Silvester, Neujahr, Beethovens Neunte – das gehört für viele Orchester und ihre Zuhörer*innen fast untrennbar zusammen. In Berlin verschreibt sich (unter anderem) das Rundfunk-Sinfonieorchester alljährlich der aus der Arbeiterbewegung stammenden Tradition. Am Pult steht dabei zum Ende des Jahres 2023 Karina Canellakis, bis zum Ende der vergangenen Saison erste Gastdirigentin des Orchesters und gern gesehene Gästin in der Hauptstadt. An ihrer Seite glänzt insbesondere der Rundfunkchor Berlin.

Karina Canellakis © Mathias Bothor
Karina Canellakis
© Mathias Bothor

In einem Jahr in dem Gesellschaften mehr als in den vergangenen Jahrzehnten gewohnt über dem Sternenzelt nach einer zusammenhaltenden Kraft suchen müssen und die Menschheit immer wieder herniederzustürzen droht (und es auch tut) beginnt Beethovens Symphonie Nr. 9 mit Schlusschor über Schillers Ode An die Freude angemessen zögerlich und bedrohlich. Dunkel und rau klingen die ersten Töne des Orchesters. Aufkeimende Hoffnung, zerberstende Einwürfe, gekonnt changiert Canellakis im ersten Satz zwischen den Extremen der Komposition, lotet die Dynamik aus. Nicht ganz leicht macht es Orchester und Dirigentin dabei die schwierige Akustik des Konzerthauses am Gendarmenmarkt, die den Orchesterklang gelegentlich mattiert.

Entsprechend motiviert und feurig stürzt sich das Rundfunksinfonie-Orchester in den Beginn des zweiten Satzes. Mit feinen aber bestimmten Gesten formt Canellakis den rasanten Ritt des Molto vivace – Presto. Ganz im Gegensatz dazu der Beginn des Folgesatzes. Ätherisch-sanft mit feiner Transparenz sucht die Dirigentin die langen Linien des langsamen Satzes. Wie eins scheint das Orchester zu atmen, als das Thema und seine Variationen durch die unterschiedlichen Instrumentengruppen wandelt. Mit der Zurückhaltung ist es zum Beginn des finalen Satzes schließlich wieder vorbei, ehe aus dem scheinbaren Nichts die Celli das erste Mal das Freudenthema verkünden.
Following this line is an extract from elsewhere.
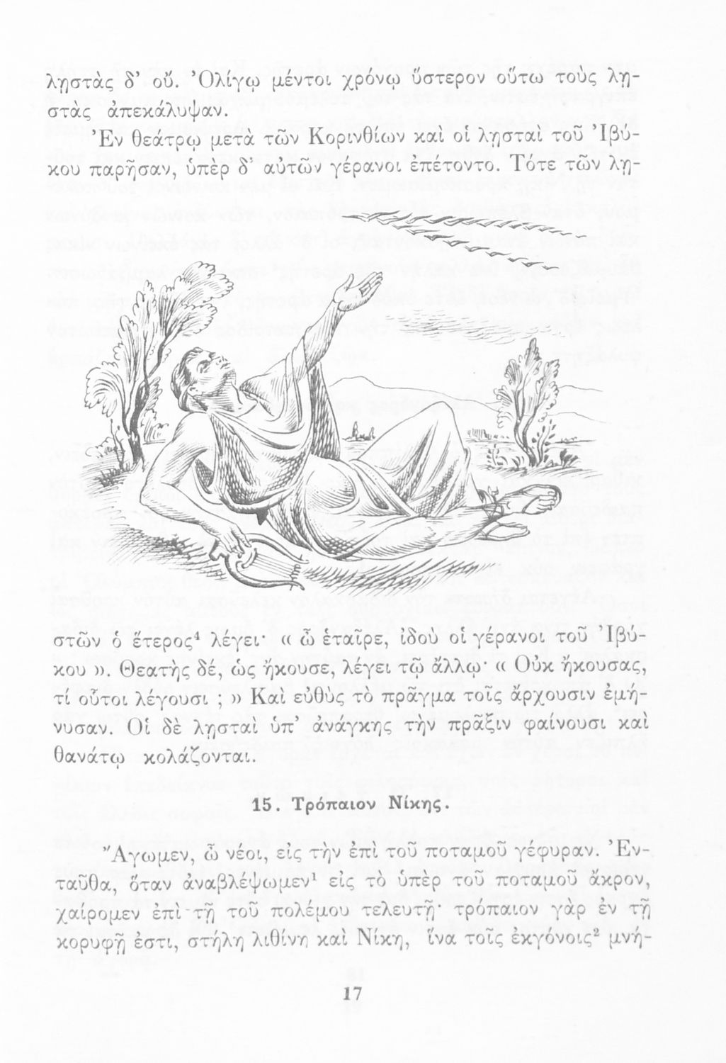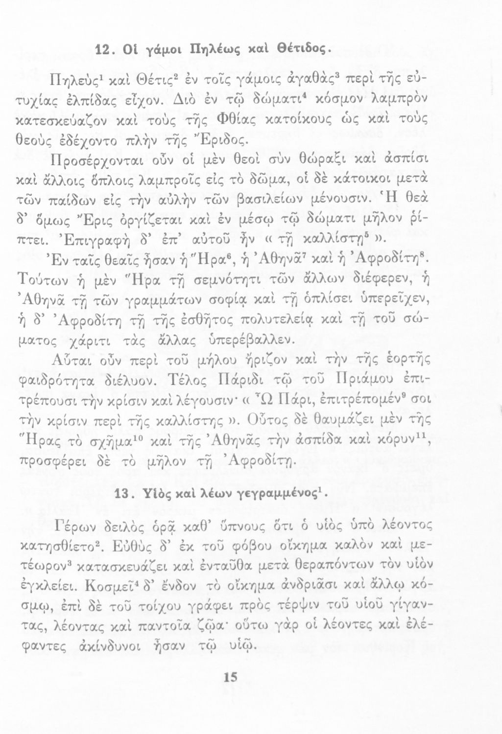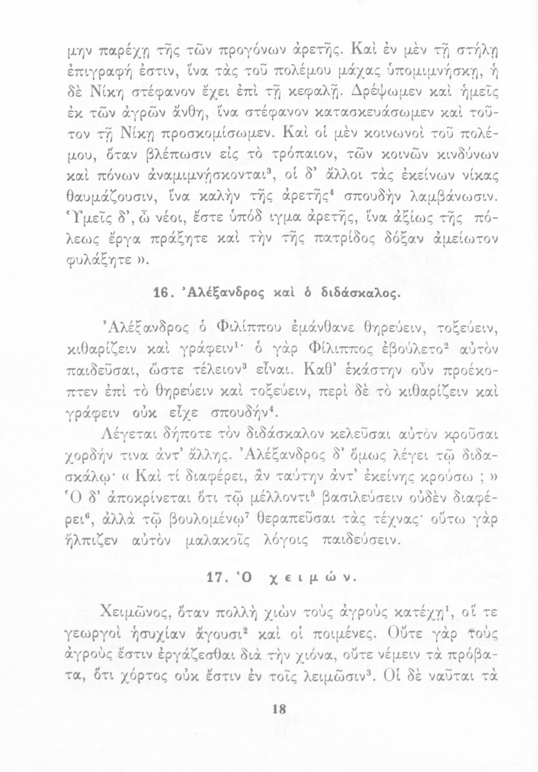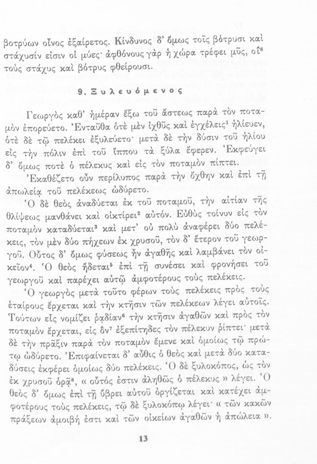 Σχολικό Εγχειρίδιο Αρχαίων Ελληνικών Α' και Β΄ Γυμνασίου που περιλαμβάνει κείμενα προσαρμοσμένα στη διδασκαλία των γραμματικών και συντακτικών φαινομένων, και ερμηνευτικές και λεξιλογικές σημειώσεις. Φέρει το σύμβολο της δικτατορίας.
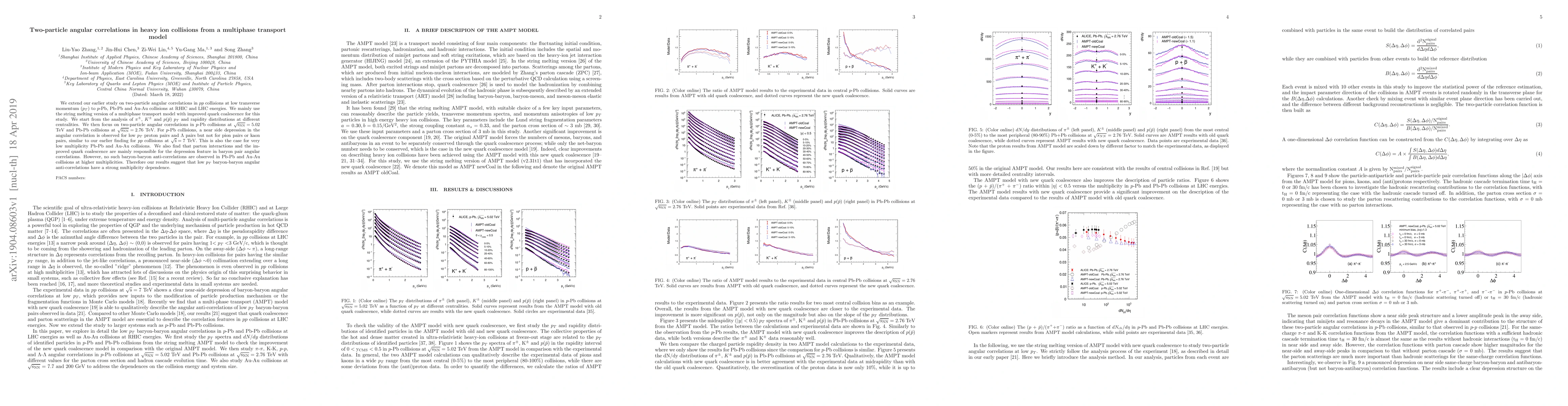 We extend our earlier study on two-particle angular correlations in $pp$ collisions at low transverse momentum ($p_T$) to $p$-Pb, Pb-Pb and Au-Au collisions at RHIC and LHC energies. We mainly use the string melting version of a multiphase transport model with improved quark coalescence for this study. We start from the analysis of $\pi^{\pm}$, $K^{\pm}$ and $p$($\bar{p}$) $p_T$ and rapidity distributions at different centralities. We then focus on two-particle angular correlations in $p$-Pb collisions at $\mathrm{\sqrt{s_{NN}} = 5.02}$ TeV and Pb-Pb collisions at $\mathrm{\sqrt{s_{NN}}= 2.76}$ TeV. For $p$-Pb collisions, a near side depression in the angular correlation is observed for low $p_T$ proton pairs and $\Lambda$ pairs but not for pion pairs or kaon pairs, similar to our earlier finding for $pp$ collisions at $\mathrm{\sqrt{s}= 7}$ TeV. This is also the case for very low multiplicity Pb-Pb and Au-Au collisions. We also find that parton interactions and the improved quark coalescence are mainly responsible for the depression feature in baryon pair angular correlations. However, no such baryon-baryon anti-correlations are observed in Pb-Pb and Au-Au collisions at higher multiplicities. Therefore our results suggest that low $p_T$ baryon-baryon angular anti-correlations have a strong multiplicity dependence.

Dabei setzt Canellakis wieder auf die Sanftheit der vorangegangenen Momente. Kaum vernehmbar zart erklingen die ersten Töne, ehe sich das Orchester zum grandiosen Finale steigert.

Dabei weiß die Dirigentin auch stets über die Macht der Stille, gekonnt setzt Canellakis immer wieder Generalpausen ein. Mit gewohnt resoluter und prononcierter Präzision glänzt der Rundfunkchor Berlin (Einstudierung: Justus Barleben), sodass im Zusammenspiel der Imperativ von Schillers Texten so fragender als gewohnt wirkt, das scheint zu passen zur Lage der Welt. Siobhan Stagg (mit einer Stunde Vorlauf eingesprungen für die erkrankte Louise Alder) und Sophie Harmsen sowie Andrew Staples und Bariton Michael Nagy in der Basspartie komplettierten das Ensemble des Abends. Bravourös meistern die Solist*innen ihre Partien, müssen sich aber durch die Platzierung hinter dem Orchester und einige Meter unter dem Chor auf der Empore in den voller orchestrierten Stellen immer wieder kämpfend Gehör verschaffen. Doch in gewisser Weise passt auch das in eine Zeit, in der die gemäßigten Stimmen nicht immer durchdringen.